Work by Prof. Azad Kaushik, Molecular and Cellular Biology (MCB), on the genetic origin of cattle antibodies was spotlighted at the annual meeting of the American Association of Immunologists last month in San Diego. Kaushik was an invited speaker at the meeting, where he also co-chaired a session on comparative immunoglobulin structure and function.

He discovered these antibodies — among the largest known — in 1998 with then graduate student Surinder Saini. Another grad student, Farbod Shojaei, conducted followup studies.

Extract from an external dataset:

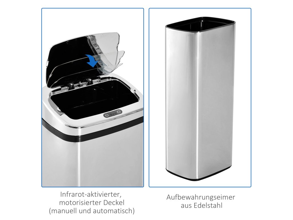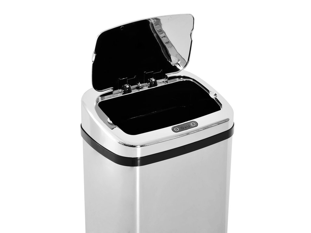 - Bezdotykové ovládání: Integrovaný pohybový senzor automaticky otevře a zavře víko, jakmile se k němu přiblíží vaše ruka - pro hygienické a snadné vyhazování odpadu.

Madhuri Koti, a recent MCB PhD graduate, has found the cow genes that produce these antibodies. Koti and Kaushik have engineered antibodies against bovine herpes virus type I. Working with Prof. Eva Nagy, Pathobiology, the researchers have tested the efficacy of engineered antibodies for treating respiratory and genital diseases caused by this virus in cattle. Those diseases cost the Canadian cattle industry about $100 million a year.

Kaushik says these antibodies are unusually large, making them easier to work with. Genetic engineering to manipulate these molecules may yield new diagnostic tools, drugs or therapies for use in cattle, he says.

His work has been supported by the Natural Sciences and Engineering Research Council and the Ontario Ministry of Agriculture, Food and Rural Affairs.